Three Misconceptions Regarding Wills

Three Misconceptions Regarding Wills, wills are like many other legal documents: most people have an idea of what they are, but do not fully understand them until they go through the process of getting one themselves. With all of the do-it-yourself forms out there nowadays, more and more people are creating their wills without getting any legal counsel, and are falling victim to some common misconceptions regarding wills. This post will introduce you to three common misconceptions regarding wills.
MISCONCEPTION: A WILL AVOIDS PROBATE.

A will communicates your desires as they relate to the distribution of your property. Whether or not your estate will need to be probated will be dictated largely by state law and the value of your estate. Just because you have a will does not mean your estate will avoid the probate process.

MISCONCEPTION: A REVOCABLE TRUST ELIMINATES THE NEED FOR A WILL.

A will is still needed to transfer any assets into the trust that were not formally transferred before death.
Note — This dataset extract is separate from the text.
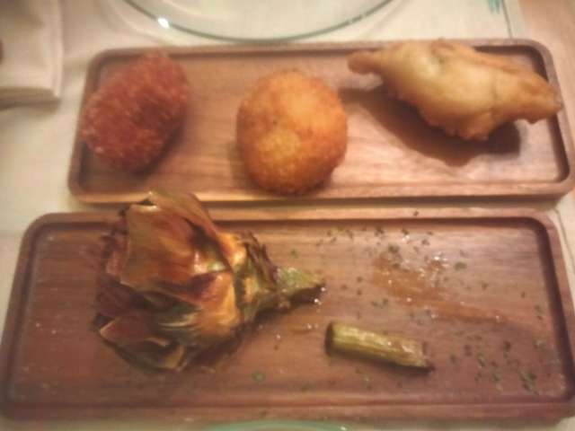 Involtini di peperoni, polpette di pane e polpette fritte, involtini di melanzane, crocche di patate, fave e cicoria

The revocable trust is one part of the process—an important part—but it only governs the property that has been transferred into it.

MISCONCEPTION: A WILL TAKES EFFECT UPON INCAPACITY.

A will takes effect upon death, not incapacity. If you are looking for a legal document that will allow someone to handle your affairs while you are alive, in the event of incapacity, you are looking for a power of attorney.

Drizin Law is providing this information for educational purposes only. It should not be construed as legal advice or a legal opinion as to any specific facts or circumstances. This information is based on general principles of Nevada law at the time it was created and you should be aware laws frequently change. Moreover, the laws affecting you may differ depending on the circumstances. You should consult with a qualified attorney in your own state or jurisdiction concerning your particular situation. Review of this information does not create an attorney-client relationship.